■ **Exercise brief**
Give back all of the data exactly as it stands, with the pictures removed.

■ **Data**
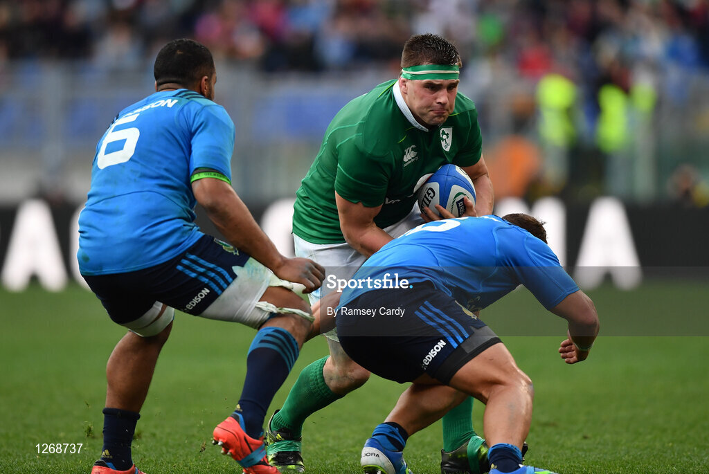 11 February 2017; CJ Stander of Ireland is tackled by Ornel Gega of Italy during the RBS Six Nations Rugby Championship match between Italy and Ireland at the Stadio Olimpico in Rome, Italy. Photo by Ramsey Cardy/Sportsfile
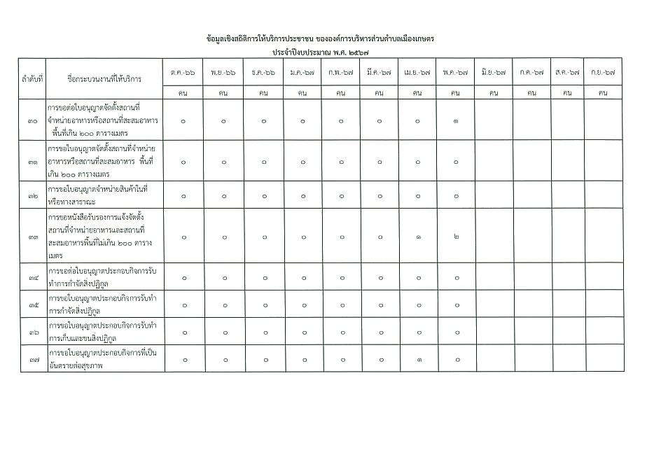 ข้อมูลเชิงสถิติการให้บริการประชาชนของ อบต.เมืองเกษตร ประจำเดือน พฤษภาคม 2567
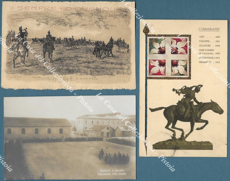 ARTIGLIERIA A CAVALLO. 3 cartoline di cui 2 viaggiate 1909 e 1914. Piccolo formato (cm 14x9). (Rif.F7844)
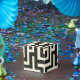 Fyrkantig klassisk stil-förinställningsruta med en bild av ett svart och brunt grekiskt nyckel mönster. Se matcha konkotti, favärde-tagg, presentsäckar och papper förpackning. Visa hela samlingen för favoritruta i Toga i SPECIELLA TUUCHES | Avsnittet Party favors.

■ **Solution to the problem**
 11 February 2017; CJ Stander of Ireland is tackled by Ornel Gega of Italy during the RBS Six Nations Rugby Championship match between Italy and Ireland at the Stadio Olimpico in Rome, Italy. Photo by Ramsey Cardy/Sportsfile
 ข้อมูลเชิงสถิติการให้บริการประชาชนของ อบต.เมืองเกษตร ประจำเดือน พฤษภาคม 2567
 ARTIGLIERIA A CAVALLO. 3 cartoline di cui 2 viaggiate 1909 e 1914. Piccolo formato (cm 14x9). (Rif.F7844)
 Fyrkantig klassisk stil-förinställningsruta med en bild av ett svart och brunt grekiskt nyckel mönster. Se matcha konkotti, favärde-tagg, presentsäckar och papper förpackning. Visa hela samlingen för favoritruta i Toga i SPECIELLA TUUCHES | Avsnittet Party favors.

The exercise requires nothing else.